• _EXERCISE PROMPT_:
Retype each entry exactly as written, and keep the pictures out of the copy.

• _RECORDS FOR THE EXERCISE_:
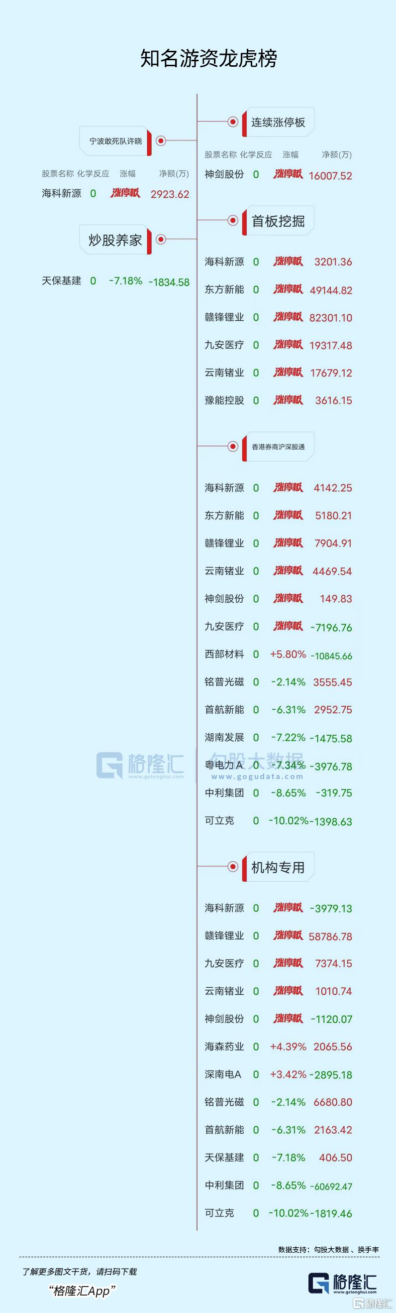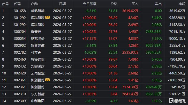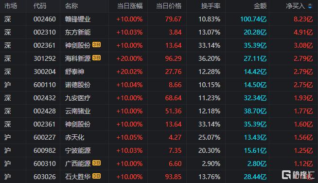 龙虎榜单日净买入额前三为赣锋锂业、东方新能、舒泰神,分别为8.23亿元、4.91亿元、2.79亿元。
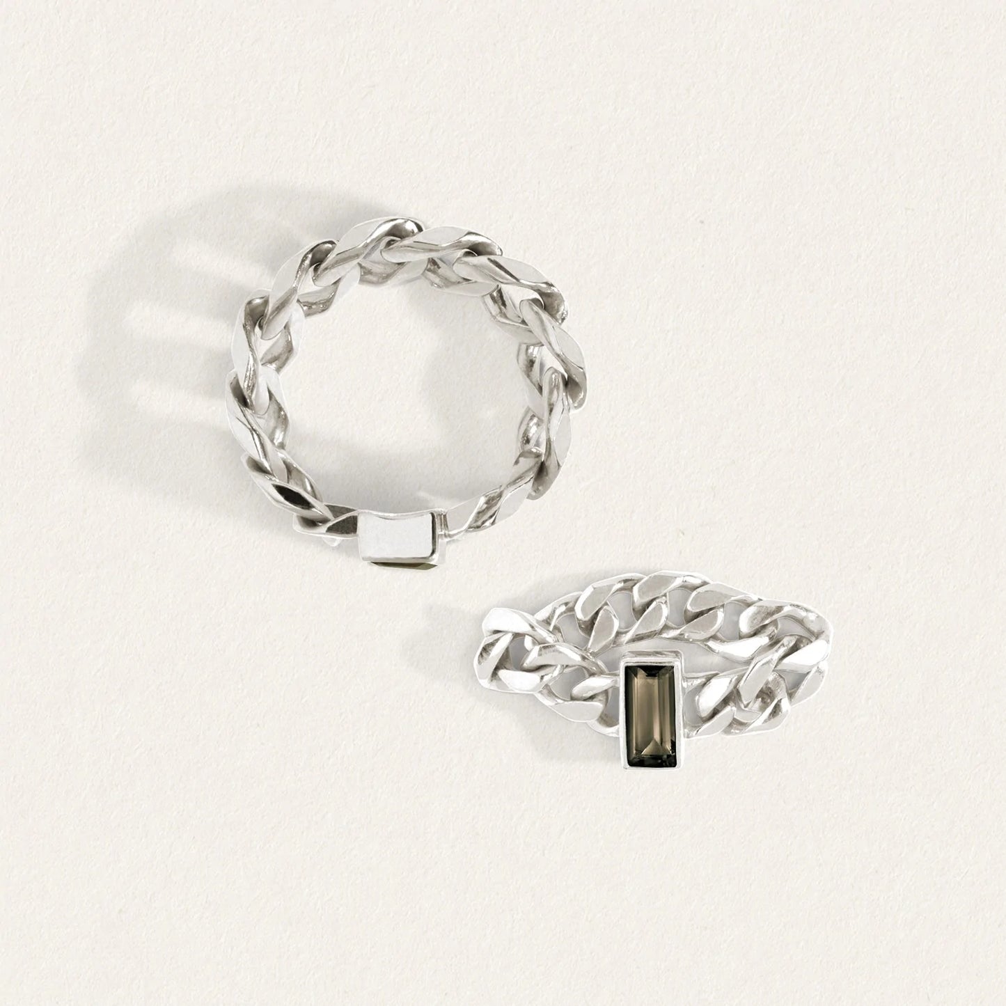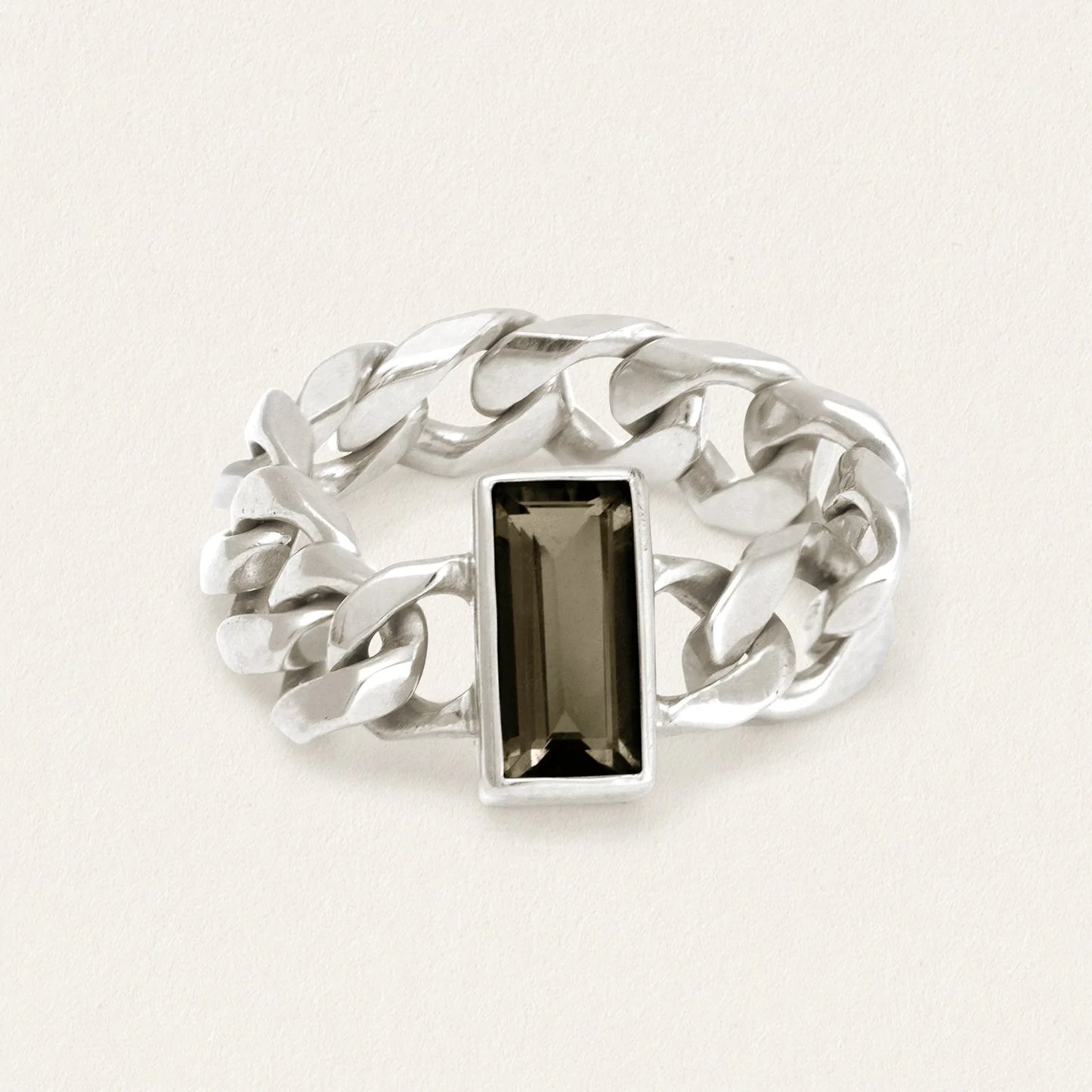 The Tigris Chain Ring features a commanding baguette-cut Smoky Quartz set north-south along a flexible band of ethical 925 Sterling Silver. The robust fluidity of the curb chain pays homage to its namesake, the Tigris River, whose fertile flood banks facilitated the cultural revolution of the early Mesopotamian empires.
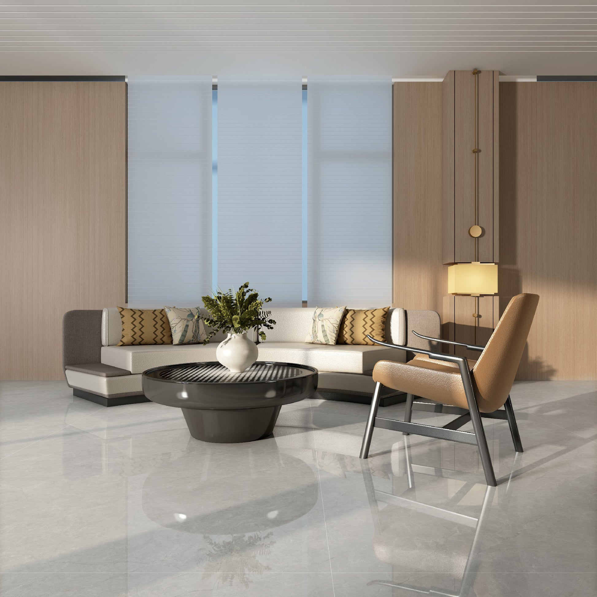 เราดึงเอาความงดงามของพื้นผิวหยกธรรมชาติออกมา ด้วยสุนทรียภาพที่เหมือนหยกคือ "เรียบง่าย สง่างาม และเรียบเนียน" เราจึงสร้างสรรค์กระเบื้องสีเทาคุณภาพสูง ด้วยพื้นสีเทาอ่อนและเส้นสายที่นุ่มนวลราวกับผ้าไหม ด้วยลวดลายที่เชื่อมต่อกันอย่างไม่รู้จบทั้งหกด้าน ทำให้บ้านทั้งหลังเชื่อมต่อกันอย่างราบรื่นไร้ช่องว่าง เป็น "พื้นฐานการแต่งหน้าพื้นที่" ที่ใช้งานได้หลากหลาย สำหรับสไตล์มินิมอลสมัยใหม่ ความหรูหรา ความเรียบง่าย และสไตล์จีนยุคใหม่ เงียบสงบแต่ไม่น่าเบื่อ สว่างไสวโดยไม่แสบตา
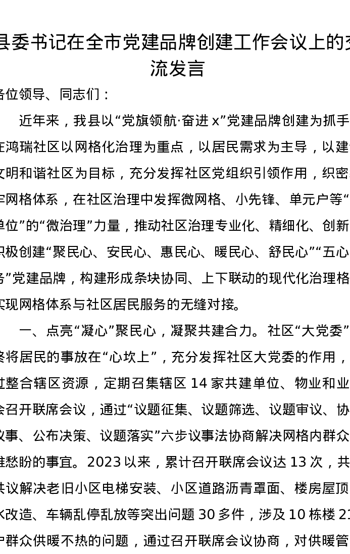 县委书记在全市党建品牌创建工作会议上的交流发言
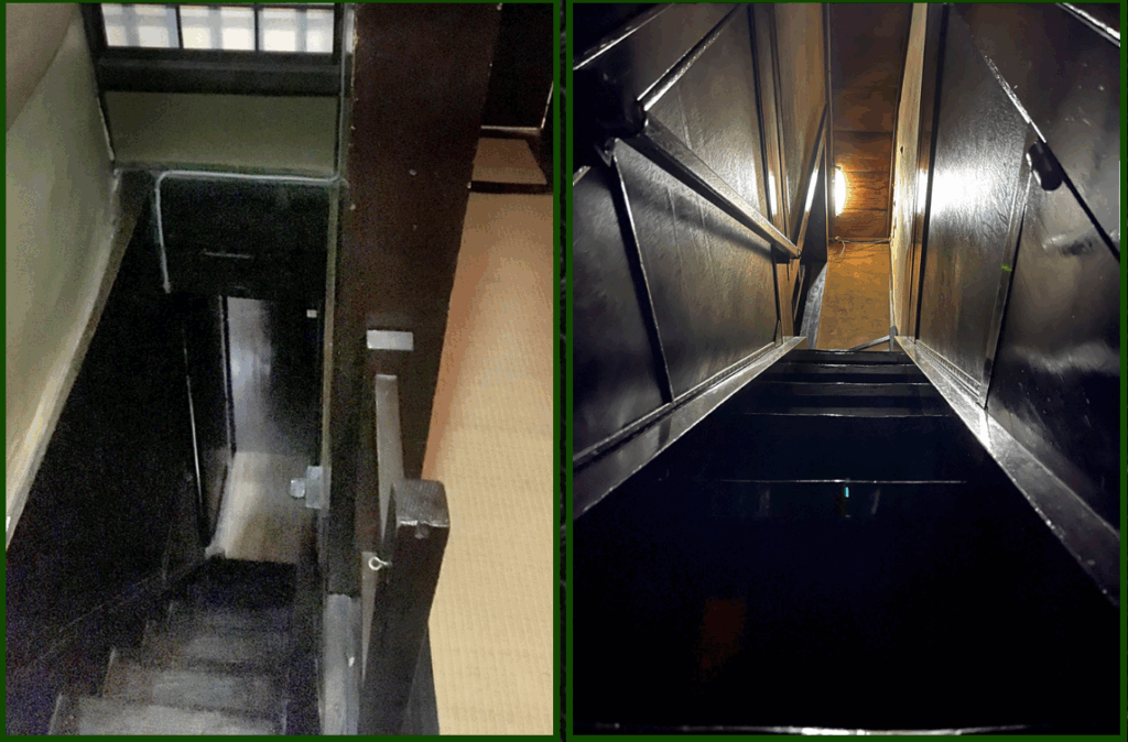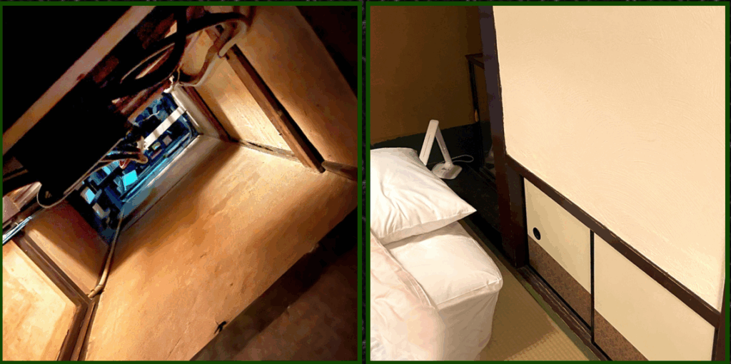 小さな障子戸を開けると、吹き抜けになっています。天井には滑車がつるされており、運搬用エレベーターとして使用されていました。

• _TASK RESULT_:
 龙虎榜单日净买入额前三为赣锋锂业、东方新能、舒泰神,分别为8.23亿元、4.91亿元、2.79亿元。
 The Tigris Chain Ring features a commanding baguette-cut Smoky Quartz set north-south along a flexible band of ethical 925 Sterling Silver. The robust fluidity of the curb chain pays homage to its namesake, the Tigris River, whose fertile flood banks facilitated the cultural revolution of the early Mesopotamian empires.
 เราดึงเอาความงดงามของพื้นผิวหยกธรรมชาติออกมา ด้วยสุนทรียภาพที่เหมือนหยกคือ "เรียบง่าย สง่างาม และเรียบเนียน" เราจึงสร้างสรรค์กระเบื้องสีเทาคุณภาพสูง ด้วยพื้นสีเทาอ่อนและเส้นสายที่นุ่มนวลราวกับผ้าไหม ด้วยลวดลายที่เชื่อมต่อกันอย่างไม่รู้จบทั้งหกด้าน ทำให้บ้านทั้งหลังเชื่อมต่อกันอย่างราบรื่นไร้ช่องว่าง เป็น "พื้นฐานการแต่งหน้าพื้นที่" ที่ใช้งานได้หลากหลาย สำหรับสไตล์มินิมอลสมัยใหม่ ความหรูหรา ความเรียบง่าย และสไตล์จีนยุคใหม่ เงียบสงบแต่ไม่น่าเบื่อ สว่างไสวโดยไม่แสบตา
 县委书记在全市党建品牌创建工作会议上的交流发言
 小さな障子戸を開けると、吹き抜けになっています。天井には滑車がつるされており、運搬用エレベーターとして使用されていました。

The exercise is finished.